You could waste time and money on focus groups to determine why Vance isn’t fetching, but the simplest explanation is that he’s a big jerk. That’s a bigger problem than having a bland personality, like Mike Pence, who was still a far-right radical but otherwise kept quiet and let Trump command the headlines.
JD Vance is no Sarah Palin
Liberals online have compared Vance to John McCain’s 2008 running mate, Sarah Palin. However, Palin was briefly popular: She left the RNC with plus-26 net favorability, and her favorable ratings remained high even as voters questioned her qualifications. Palin was the McCain ticket’s young, dynamic foil to Barack Obama.
Yes, she was a moron, but she was a talented public speaker before her brain completely dissolved. Her folksy act drew applause from Republican voters rather than “please clap” awkward silence.
The Plain Dealer Editor Chris Quinn suggested that Trump picked Vance for his youthful good looks, as a contrast to President Joe Biden. It’s true that Vance is young, but he’s no thirst trap, even in a convent. He just comes across as callow and unfit to lead. That’s before the perfectly normal Democratic vice presidential nominee pummels him in a debate.
JD Vance is no Dan Quayle
MAGA is an overtly anti-woman movement, with specific hostility toward unmarried, college-educated women who aren’t baby-making machines. After the 2022 midterms, Jesse Watters at Fox News argued that single women needed to hurry up and get married so they’ll start voting Republican. House Rep. Matt Gaetz, during a Newsmax interview, dismissed suburban women voters as “Karens” that Republicans could lose and make up the difference with non-college educated men of color named “Julio” and “Jamal.”
JD Vance, a fraud and blatant opportunist, adopted the misogynistic MAGA rhetoric after the 2020 election. He didn’t seem to realize that Watters has an average audience of less than 3 million viewers, and Gaetz represents a Florida congressional district with a population of 789,347 and a Republican lean of plus 19 points. Vance’s MAGA makeover made him a good fit for right-wing media, but he can’t rely on incels alone in a national campaign.
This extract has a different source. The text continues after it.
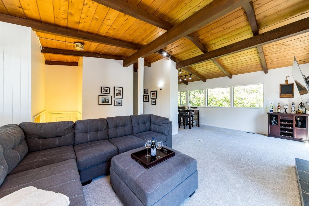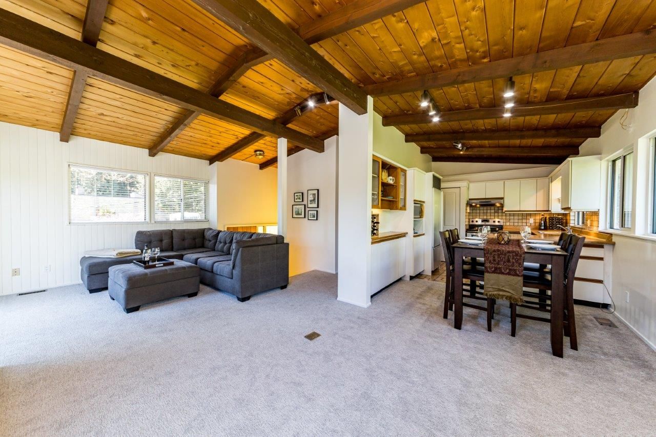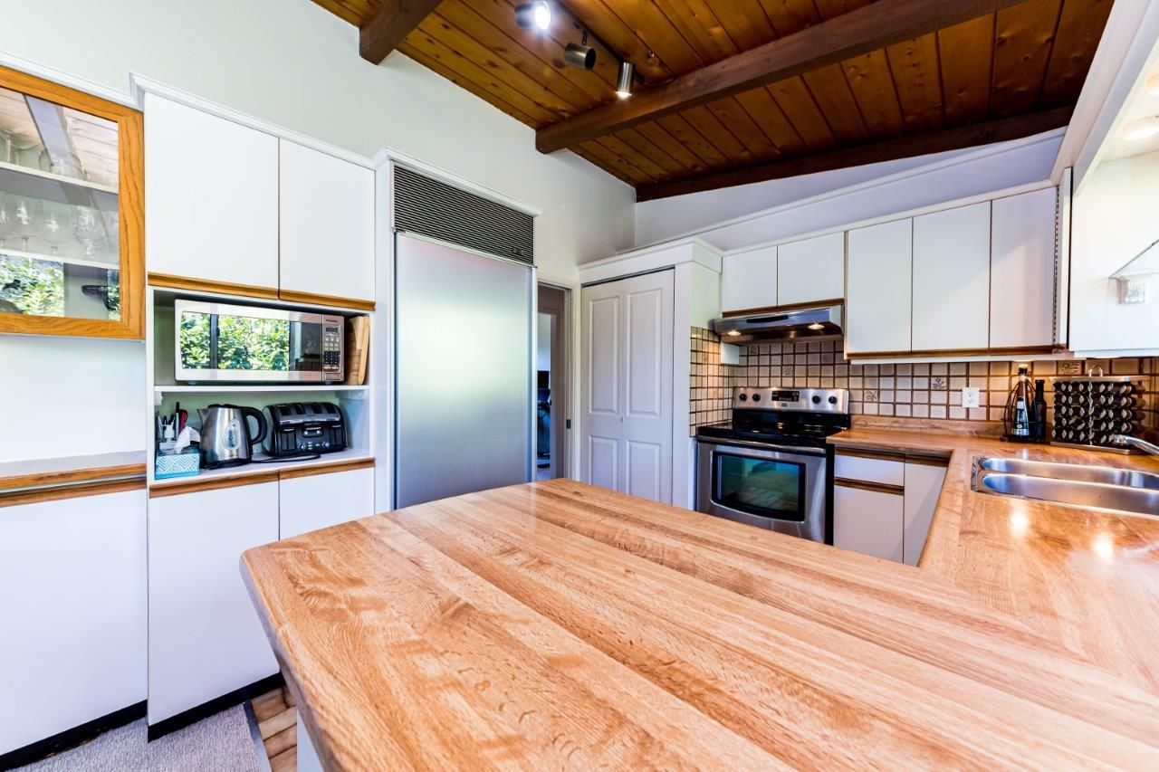 Charming classic West Coast Mid-Century Post & Beam home set back on a private sun filled corner lot in desirable Deep Cove. The open plan main level features 3 bedrooms + 1 bathroom, laundry, spectacular vaulted ceilings with exposed beams throughout, open kitchen, cozy wood burning fireplace, living & dining room which open onto the spacious sun deck. Well maintained & many updates make this home move-in-ready including; stainless appliances, Sub Zero fridge, high efficacy furnace, water tank (2019), double windows & detached workshop. Large lower level with separate entry is bright & has 2 bedrooms + 1 bathroom with a separate laundry, full kitchen & a wood burning fireplace. Loads of parking for your boat or RV. Fenced-in backyard great for kids & pets. Steps to trails & minutes to beaches, marina, skiing, golfing, shopping, restaurants, rec centre & all levels of schools. Ultimate lifestyle & fabulous home in a picturesque setting!

Three years ago, Vance was a guest on Tucker Carlson’s old Fox News show, where he declared that “we are effectively run in this country … by a bunch of childless cat ladies who are miserable at their own lives and the choices that they’ve made and so they want to make the rest of the country miserable too. And it’s just a basic fact: If you look at Kamala Harris, Pete Buttigieg, [Alexandria Ocasio-Cortez], the entire future of the Democrats is controlled by people without children.”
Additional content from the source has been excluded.